Vigna dalzelliana

Scientific classification
- Kingdom: Plantae
- Clade: Tracheophytes
- Clade: Angiosperms
- Clade: Eudicots
- Clade: Rosids
- Order: Fabales
- Family: Fabaceae
- Subfamily: Faboideae
- Genus: Vigna
- Species: V. dalzelliana
- Binomial name: Vigna dalzelliana (Kuntze) Verdc.
- Synonyms: Phaseolus dalzelliana Kuntze; Phaseolus dalzellii Cooke; Phaseolus pauciflorus Dalzell;

= Vigna dalzelliana =

- Genus: Vigna
- Species: dalzelliana
- Authority: (Kuntze) Verdc.
- Synonyms: Phaseolus dalzelliana Kuntze, Phaseolus dalzellii Cooke, Phaseolus pauciflorus Dalzell

Species of legume

Vigna dalzelliana is a perennial herb with yellow flowers that commonly is used as fodder. The plant is poorly understood and was previously confused with its relative Vigna minima.

==Description==
Vigna dalzelliana is a twining herb. Its stems are slender and covered with minute hairs, or trichomes. Its leaf petioles are covered with the same white trichomes, and are 3-5 cm long. Its leaflets are oval-shaped and pointy, or acuminate, towards their apex. The leaflets range from 4-6 cm in length. The herb's inflorescence is axillary, meaning it rises from the same node as a leaf rather than from the end of a stem. The peduncle of the plant is covered with the same white trichomes as the stem. Its flower petals are a pale yellow.

==Habitat and ecology==
The plant is common to Thailand, Cambodia, India and Sri Lanka, and grows between 5-2500 m in altitude.

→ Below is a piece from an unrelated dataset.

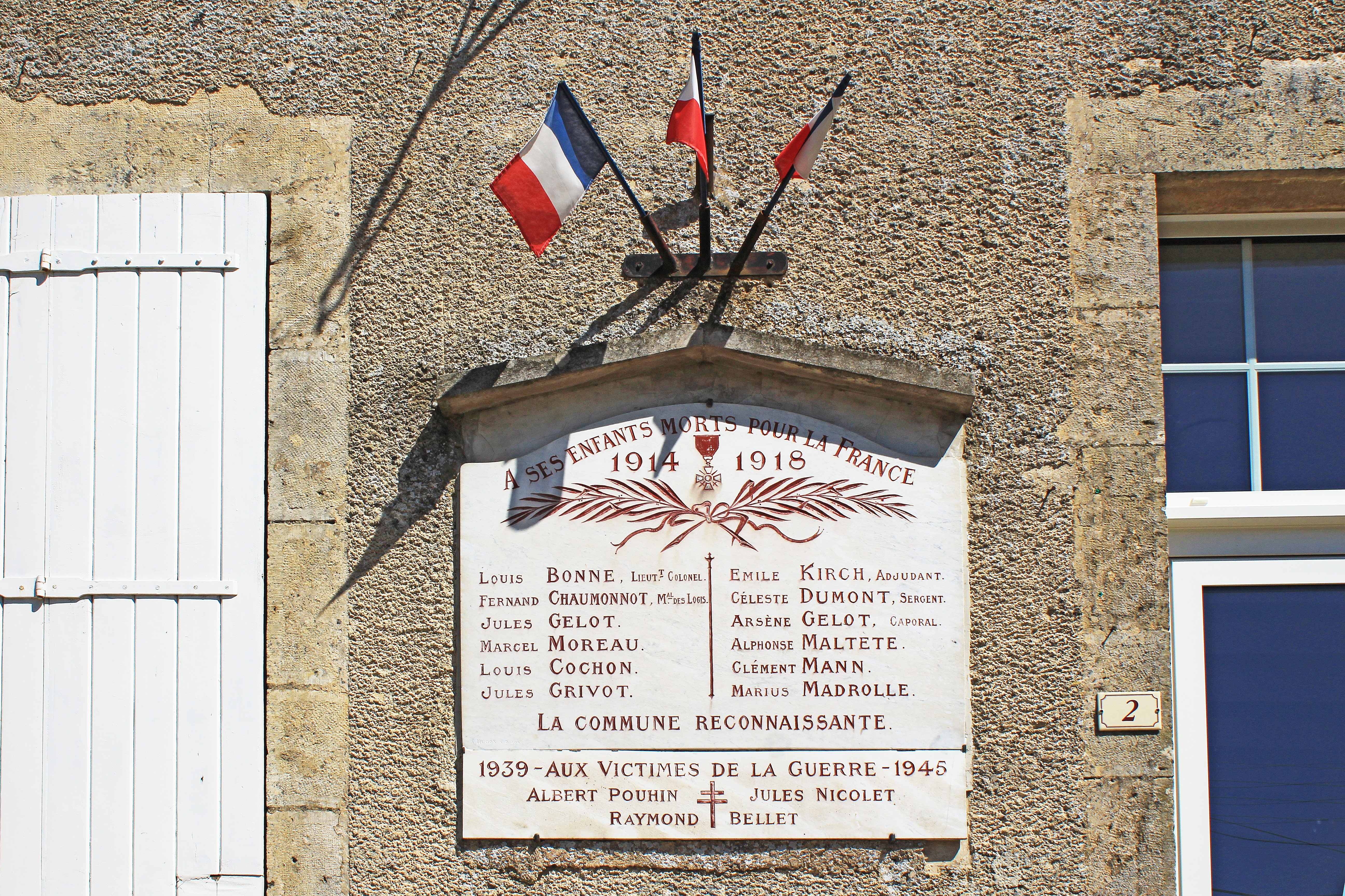 War tablet on the old townhall in Poiseul-la-Ville
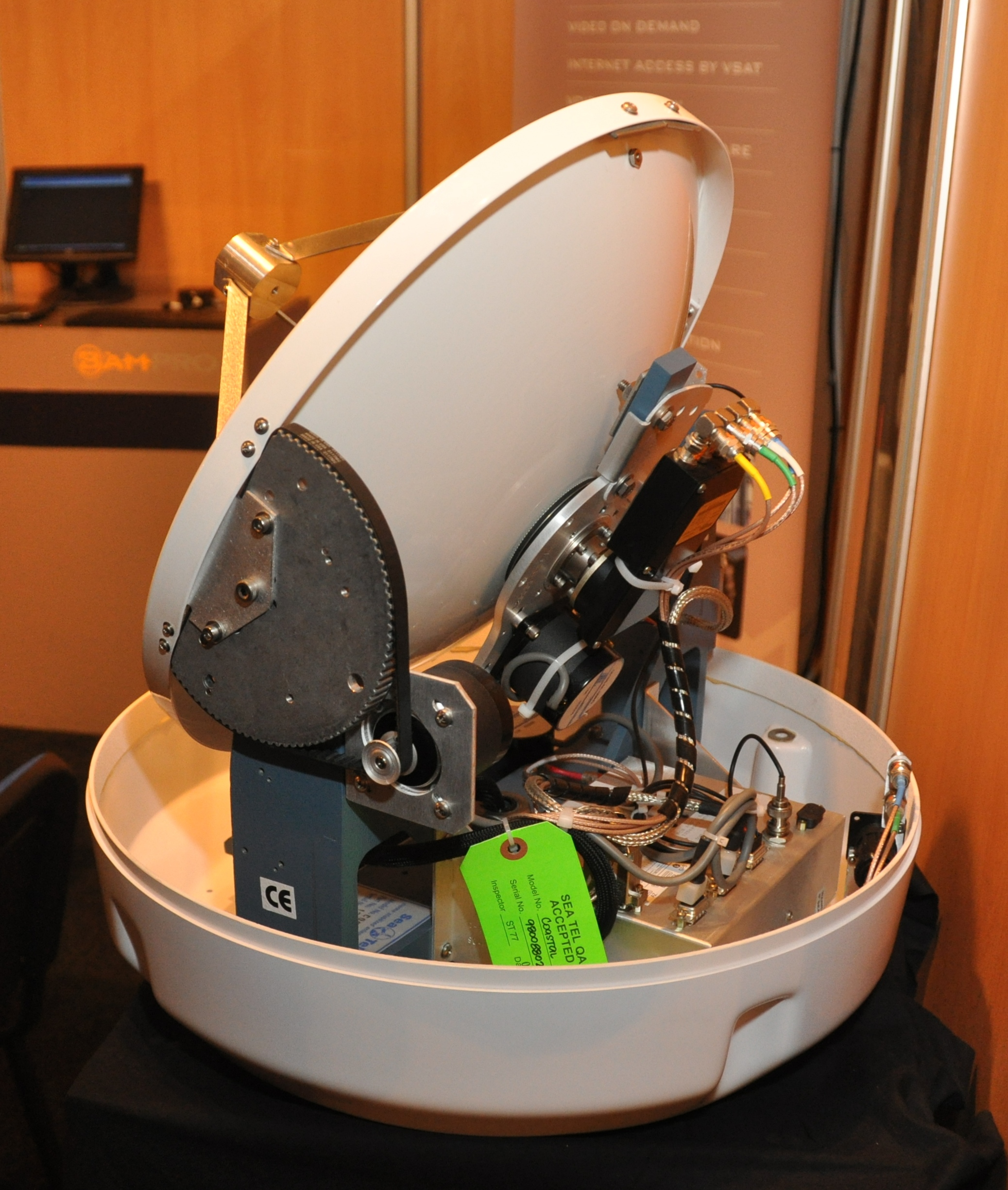 Construction & shipping industry 2010

It is a common component of the ground flora in monsoon forests, and particularly Sal forests. It grows in shady wet highland slopes where the plant can root from stem nodes.

==Uses==
Livestock often graze on the plant, and it is a good soil binder and can be used for soil conservation.

==Conservation==
The monsoon forest habitat of the plant is threatened by the general expansion of human populations, especially by expansion of farmland. The species is listed as present in Sanjay Gandhi National Park in India and various national parks in Thailand. It is also present in the national gene bank in New Delhi.